DATASET SECTION >>
- Opening Delimiter -

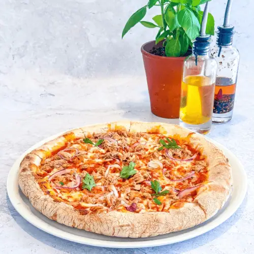 Pan TonnoBase tomate, mozzarella, thon, oignons rouges, persil.
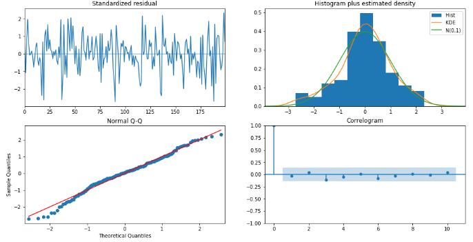 모델에 대한 결과값을 plot_diagnostics()를 통해 얻은 잔차 그래프로도 확인해보겠습니다.
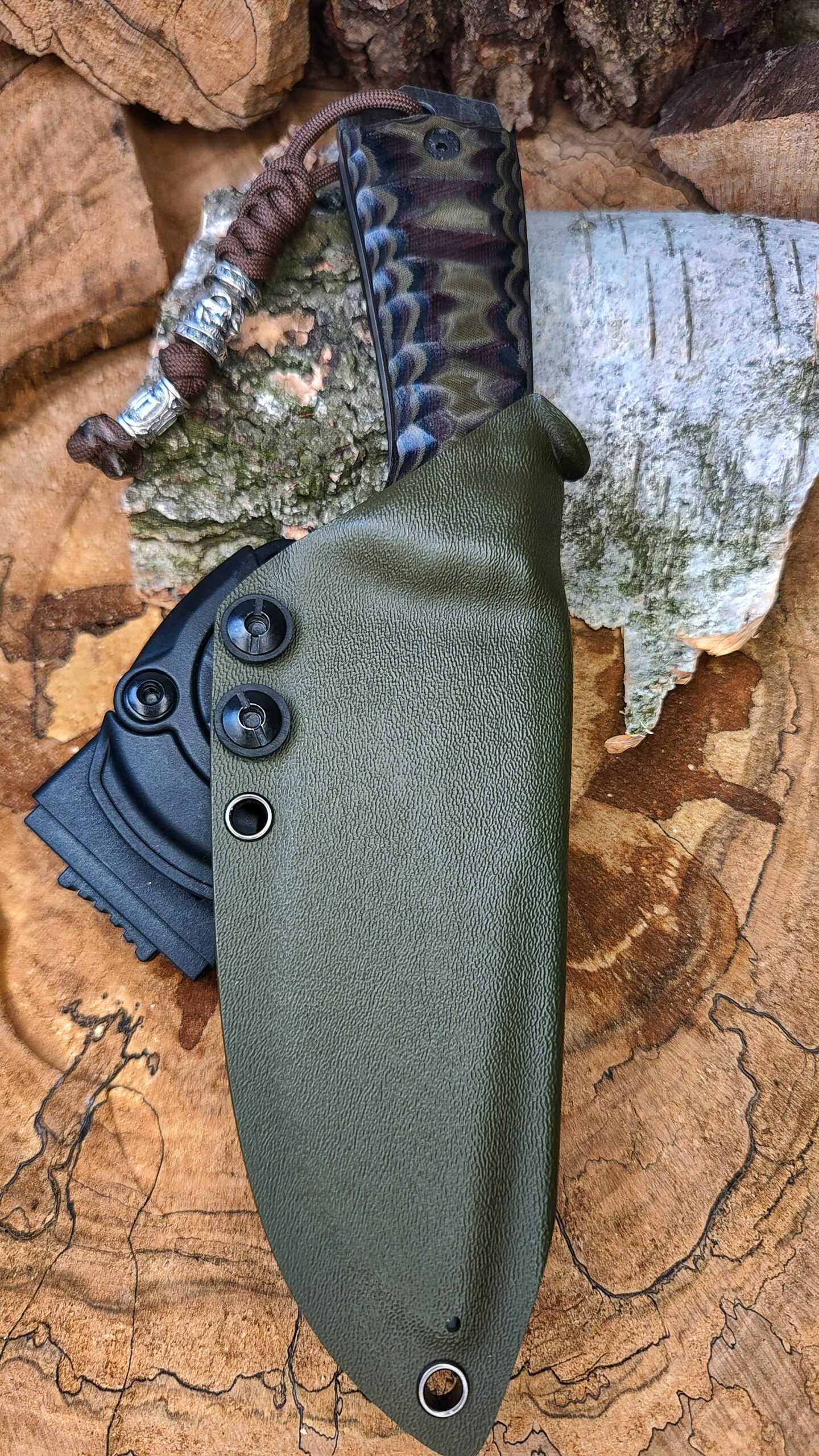 - POCHWA: Kydex oliwka z mocowaniem Tek-lock 360° (możliwość wymiany na inny system)

- Closing Delimiter -

GOAL OF THE EXERCISE >>
Please retype the material in full, exactly as it reads, apart from the images.

EXERCISE RESPONSE >>
 Pan TonnoBase tomate, mozzarella, thon, oignons rouges, persil.
 모델에 대한 결과값을 plot_diagnostics()를 통해 얻은 잔차 그래프로도 확인해보겠습니다.
 - POCHWA: Kydex oliwka z mocowaniem Tek-lock 360° (możliwość wymiany na inny system)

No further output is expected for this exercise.